Co-crystal structure of PCNA-T3 complex. A, close-up view of PCNA-T3 interaction site (Protein Data Bank code 3VKX). PCNA is shown as a gray surfaced model. T3 (Fig. 2A) is shown as a stick model, in which carbon is blue, oxygen is red, nitrogen is indigo, iodine is violet, and hydrogen is omitted. Water molecules packed in the crystal were omitted. The 5-iodine interacts with the IDCL loop, inducing an extra cavity (yellow circle). The 3′-iodine (orange circle) juts out from the PCNA interaction interface. B, superimposition of PCNA structures bound to T3 (green), p21 peptide (cyan, magenta, and yellow) (Protein Data Bank code 1AXC), and DNA Polη peptide (pink, white, and orange) (Protein Data Bank code 2ZVK). The averaged root mean square deviation value is 0.84 Å for corresponding Cα atoms. All PCNA structures except that of the PCNA-T3 complex are structurally very similar, whereas the PCNA-T3 complex possesses significant perturbation of IDCL and the region of Asp⁴¹–Val⁴⁵. C, stereo diagram of detailed interaction between T3 (cyan) and PCNA (white). T3 and residues of PCNA involved in the interaction with T3 are shown by sticks and transparent spheres. A hydrogen bond is shown by orange dots.

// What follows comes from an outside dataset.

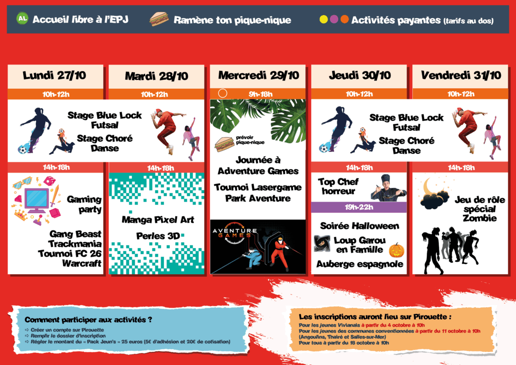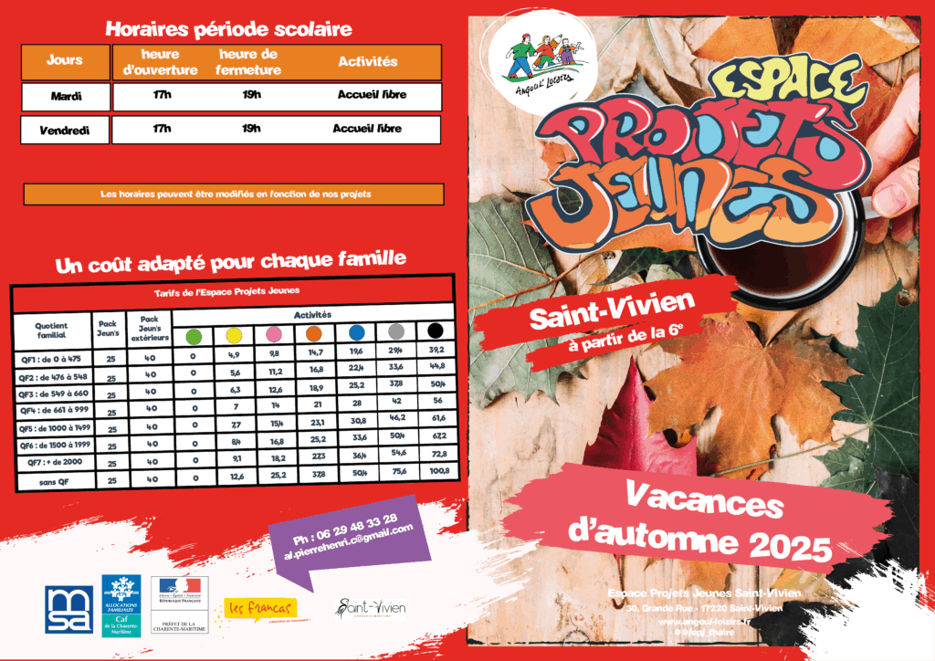 VACANCES D’AUTOMNE EPJ SAINT-VIVIEN 6 octobre 2025 Inscrivez vous vite pour les vacances d’automne sur la plateforme Pirouette d’Angoul’loisirs du 27 au 31 octobre Facebook Twitter LinkedIn Email Imprimer

T2AA, T3 Derivative Lacking TR Activity, Inhibits PCNA Protein-Protein Interaction

T3 is a very potent thyroid hormone, and this property precludes its use as a PCNA inhibitor. The carboxylic acid and 3′-iodine of T3 is essential for its thyroid hormone activity (17). In the PCNA-T3 crystal structure, the 3′-iodine atom of T3 is positioned out from the cavity (Fig. 2A), suggesting that it is dispensable for binding. Therefore, we have created a T3 derivative compound in which the carboxylic acid of T3 is replaced by an alcohol and the 3′-iodine is removed. The new compound T2AA (Fig. 1A) showed almost no thyroid hormone activity in a TR reporter assay (Fig. 1B) but inhibited the PCNA/PL-peptide binding at an IC₅₀ value of ∼1 μm, a slightly better potency than that of T3 (Fig. 1C).

We next investigated if T2AA can inhibit PCNA interaction with a full-length protein. p21 is a protein containing a PIP-box with the highest affinity to PCNA known to date (5). Thus, if T2AA can inhibit PCNA-p21 interaction, theoretically T2AA can perturb any PCNA/PIP-box protein interactions in cells. A pull-down assay was carried out by using recombinant p21 protein immobilized on cobalt beads. PCNA protein was incubated with it in the presence of T3 or T2AA. They diminished the intensity of the PCNA band on the immobilized p21 dose-dependently (Fig. 1D). This result suggests that T2AA theoretically can inhibit any PCNA protein-protein interactions known to date once it reaches PCNA in the cells. Given the fact that PCNA-p21 interaction is mediated also at the IDCL region in addition to the PIP-box (18), the ability of T2AA to eliminate this interaction is noteworthy and demonstrates that the PIP-box interaction is the primary determinant for the PCNA-protein interaction.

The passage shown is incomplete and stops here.